## What is required
Each record must be written out again exactly. Skip any picture it contains.

Saved entries:

^^^^

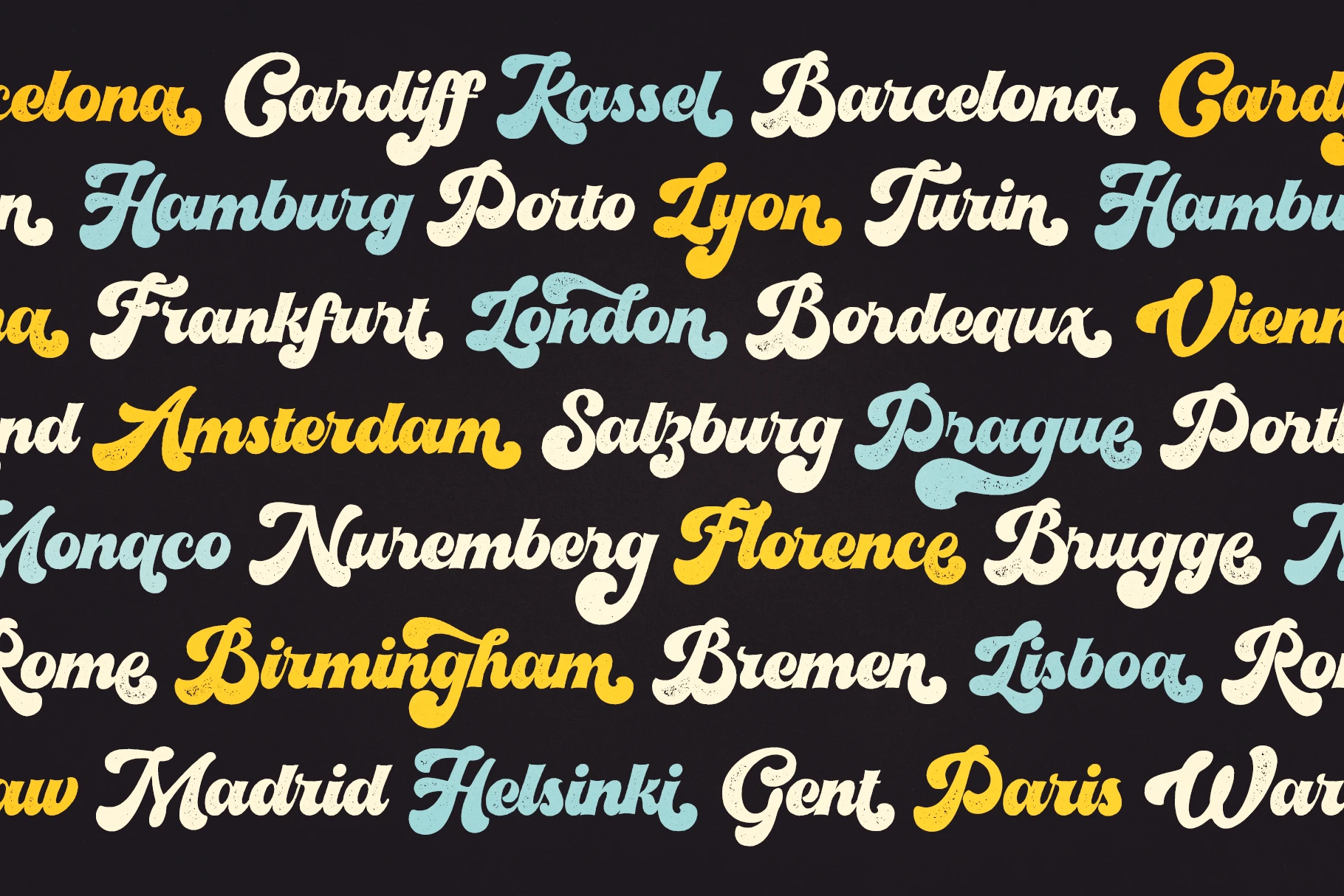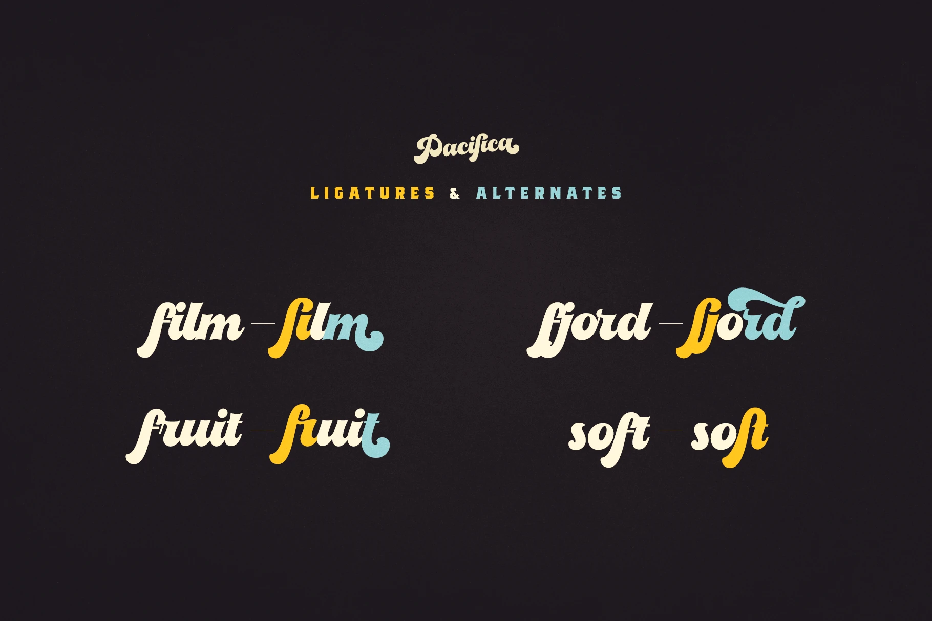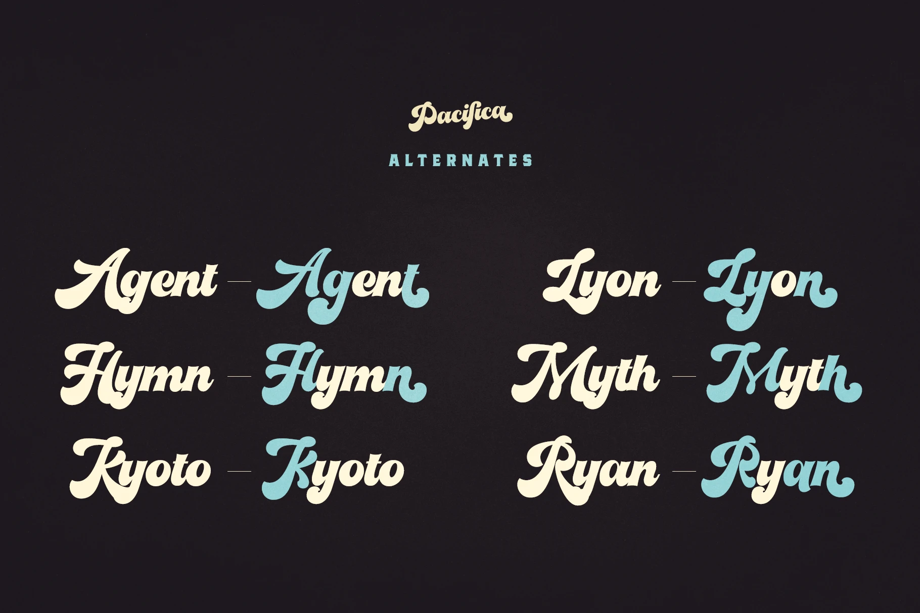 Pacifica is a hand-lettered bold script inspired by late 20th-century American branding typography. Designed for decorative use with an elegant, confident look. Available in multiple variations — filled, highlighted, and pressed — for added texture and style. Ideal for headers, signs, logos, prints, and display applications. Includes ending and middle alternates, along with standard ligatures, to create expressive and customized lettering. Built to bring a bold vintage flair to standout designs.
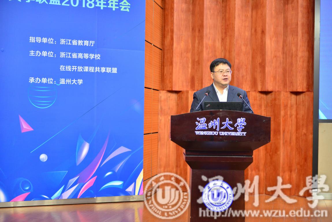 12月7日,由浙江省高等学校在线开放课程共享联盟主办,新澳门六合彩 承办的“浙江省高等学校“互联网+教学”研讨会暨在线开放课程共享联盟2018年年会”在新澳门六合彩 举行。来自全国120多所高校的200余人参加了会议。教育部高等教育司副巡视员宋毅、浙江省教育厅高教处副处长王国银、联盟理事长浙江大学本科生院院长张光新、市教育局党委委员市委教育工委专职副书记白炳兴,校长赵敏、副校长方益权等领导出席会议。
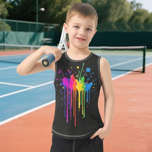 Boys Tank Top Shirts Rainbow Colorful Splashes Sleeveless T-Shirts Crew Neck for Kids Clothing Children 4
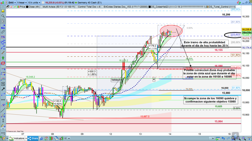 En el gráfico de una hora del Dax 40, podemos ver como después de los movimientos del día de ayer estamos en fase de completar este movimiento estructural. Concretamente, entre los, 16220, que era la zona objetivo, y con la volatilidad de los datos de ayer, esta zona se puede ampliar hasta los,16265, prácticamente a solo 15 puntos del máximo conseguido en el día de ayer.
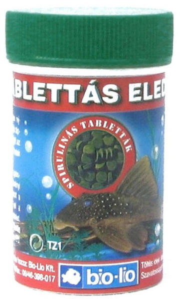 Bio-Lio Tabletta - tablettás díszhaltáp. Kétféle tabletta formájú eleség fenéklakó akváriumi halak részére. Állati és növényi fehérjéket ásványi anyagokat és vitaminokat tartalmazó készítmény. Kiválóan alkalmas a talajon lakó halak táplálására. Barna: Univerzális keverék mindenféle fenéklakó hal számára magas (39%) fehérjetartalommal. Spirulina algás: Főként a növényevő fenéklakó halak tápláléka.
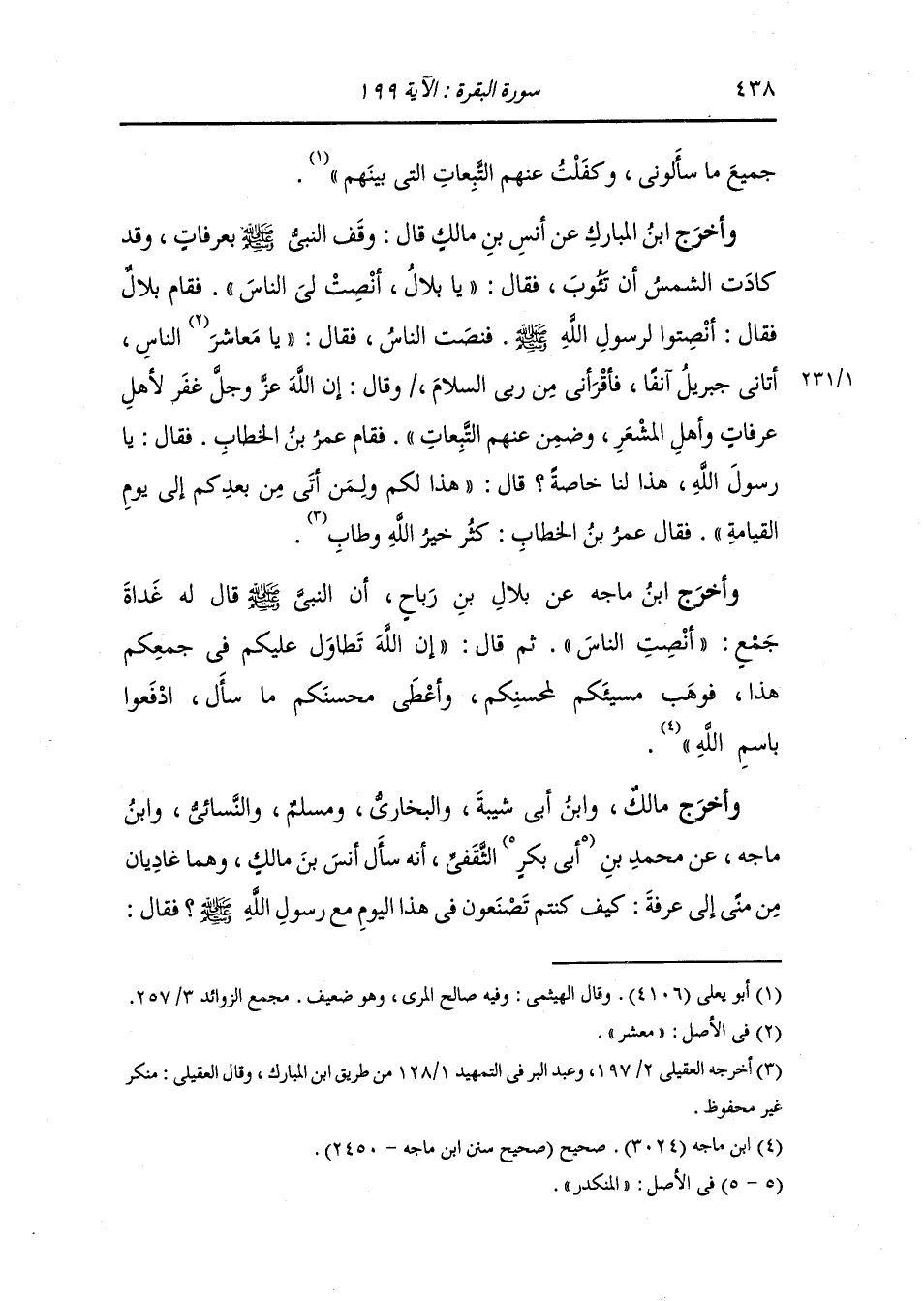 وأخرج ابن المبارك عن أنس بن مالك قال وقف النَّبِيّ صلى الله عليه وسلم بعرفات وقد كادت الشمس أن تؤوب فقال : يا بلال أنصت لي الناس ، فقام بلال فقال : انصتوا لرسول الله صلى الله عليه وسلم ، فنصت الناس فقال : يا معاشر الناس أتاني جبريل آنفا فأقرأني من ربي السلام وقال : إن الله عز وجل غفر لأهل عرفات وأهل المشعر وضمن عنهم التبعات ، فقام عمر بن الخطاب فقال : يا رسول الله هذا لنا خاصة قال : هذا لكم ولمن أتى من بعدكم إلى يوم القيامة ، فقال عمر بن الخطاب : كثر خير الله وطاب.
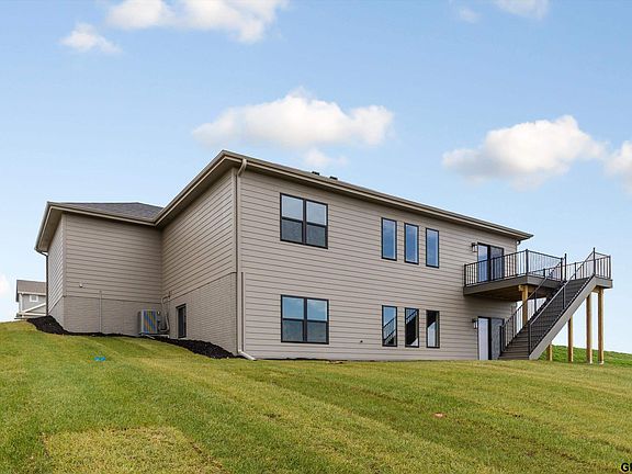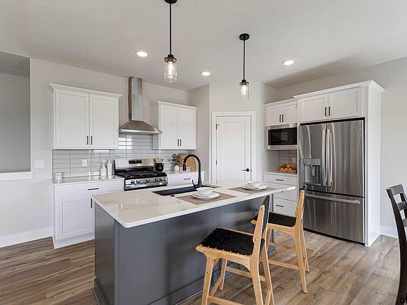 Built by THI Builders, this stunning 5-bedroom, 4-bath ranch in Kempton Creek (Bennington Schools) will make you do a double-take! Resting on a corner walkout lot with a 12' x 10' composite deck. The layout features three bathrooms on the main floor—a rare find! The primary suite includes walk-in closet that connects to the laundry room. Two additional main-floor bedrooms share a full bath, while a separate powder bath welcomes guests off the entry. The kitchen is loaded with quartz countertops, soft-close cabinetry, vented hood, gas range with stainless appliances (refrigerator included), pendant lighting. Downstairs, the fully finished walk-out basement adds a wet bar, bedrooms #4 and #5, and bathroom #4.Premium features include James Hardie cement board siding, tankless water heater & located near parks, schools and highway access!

^^^^

## Answer section
 Pacifica is a hand-lettered bold script inspired by late 20th-century American branding typography. Designed for decorative use with an elegant, confident look. Available in multiple variations — filled, highlighted, and pressed — for added texture and style. Ideal for headers, signs, logos, prints, and display applications. Includes ending and middle alternates, along with standard ligatures, to create expressive and customized lettering. Built to bring a bold vintage flair to standout designs.
 12月7日,由浙江省高等学校在线开放课程共享联盟主办,新澳门六合彩 承办的“浙江省高等学校“互联网+教学”研讨会暨在线开放课程共享联盟2018年年会”在新澳门六合彩 举行。来自全国120多所高校的200余人参加了会议。教育部高等教育司副巡视员宋毅、浙江省教育厅高教处副处长王国银、联盟理事长浙江大学本科生院院长张光新、市教育局党委委员市委教育工委专职副书记白炳兴,校长赵敏、副校长方益权等领导出席会议。
 Boys Tank Top Shirts Rainbow Colorful Splashes Sleeveless T-Shirts Crew Neck for Kids Clothing Children 4
 En el gráfico de una hora del Dax 40, podemos ver como después de los movimientos del día de ayer estamos en fase de completar este movimiento estructural. Concretamente, entre los, 16220, que era la zona objetivo, y con la volatilidad de los datos de ayer, esta zona se puede ampliar hasta los,16265, prácticamente a solo 15 puntos del máximo conseguido en el día de ayer.
 Bio-Lio Tabletta - tablettás díszhaltáp. Kétféle tabletta formájú eleség fenéklakó akváriumi halak részére. Állati és növényi fehérjéket ásványi anyagokat és vitaminokat tartalmazó készítmény. Kiválóan alkalmas a talajon lakó halak táplálására. Barna: Univerzális keverék mindenféle fenéklakó hal számára magas (39%) fehérjetartalommal. Spirulina algás: Főként a növényevő fenéklakó halak tápláléka.
 وأخرج ابن المبارك عن أنس بن مالك قال وقف النَّبِيّ صلى الله عليه وسلم بعرفات وقد كادت الشمس أن تؤوب فقال : يا بلال أنصت لي الناس ، فقام بلال فقال : انصتوا لرسول الله صلى الله عليه وسلم ، فنصت الناس فقال : يا معاشر الناس أتاني جبريل آنفا فأقرأني من ربي السلام وقال : إن الله عز وجل غفر لأهل عرفات وأهل المشعر وضمن عنهم التبعات ، فقام عمر بن الخطاب فقال : يا رسول الله هذا لنا خاصة قال : هذا لكم ولمن أتى من بعدكم إلى يوم القيامة ، فقال عمر بن الخطاب : كثر خير الله وطاب.
 Built by THI Builders, this stunning 5-bedroom, 4-bath ranch in Kempton Creek (Bennington Schools) will make you do a double-take! Resting on a corner walkout lot with a 12' x 10' composite deck. The layout features three bathrooms on the main floor—a rare find! The primary suite includes walk-in closet that connects to the laundry room. Two additional main-floor bedrooms share a full bath, while a separate powder bath welcomes guests off the entry. The kitchen is loaded with quartz countertops, soft-close cabinetry, vented hood, gas range with stainless appliances (refrigerator included), pendant lighting. Downstairs, the fully finished walk-out basement adds a wet bar, bedrooms #4 and #5, and bathroom #4.Premium features include James Hardie cement board siding, tankless water heater & located near parks, schools and highway access!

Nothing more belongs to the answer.